Q. I recently hired an outside contractor to do some repairs in my condominium unit. Now, my building management is accusing said contractor of damaging the door to the unit. My contractor is not aware of the damage or and doesn’t believe that any damages occurred, and they have not told him anything. Prior to hiring this particular contractor, the building required that he send in all proper documentation and insurance certification and he did so. The building then asked for a $500 security deposit just in case the contractor or his workers did any damage. So when he allegedly did something, they deposited my money without me seeing any proof. Do they have the right to do so?
—Aggrieved in Atlantic Beach
A. “Rarely have I seen condominium documents that require a monetary deposit from an owner (or the owner's contractor) as security against damage which may be caused by the contractor during the performance of the work,” says Dennis J. Eisinger, managing partner at the law firm of Eisinger, Brown, Lewis, Frankel & Chaiet, P.A., with offices in Hollywood and Gainesville.

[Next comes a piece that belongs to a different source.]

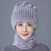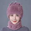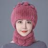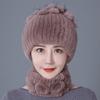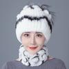 Шапка из меха кролика, женская зимняя мода, универсальная, теплая, зимняя защита для ушей, шарф из меха кролика Рекс, комплект из двух предметов, меховой костюм из меха

“Security deposits for this usually are not necessary as applicable Florida law clearly bestows liability upon the unit owner for any damage caused by the unit owner's contractors (and, for that matter, guests and invitees). In this case, the unit owner should first determine whether the association had the right, pursuant to the condominium documents, to require the tendering of a security deposit. Second, whether or not the security deposit was appropriate, the unit owner should make written demand for return of the monies if he believes his contractor did not cause the damage and, if the association does not comply, the unit owner can pursue his demand for the return of the monies through either judicial action or arbitration.”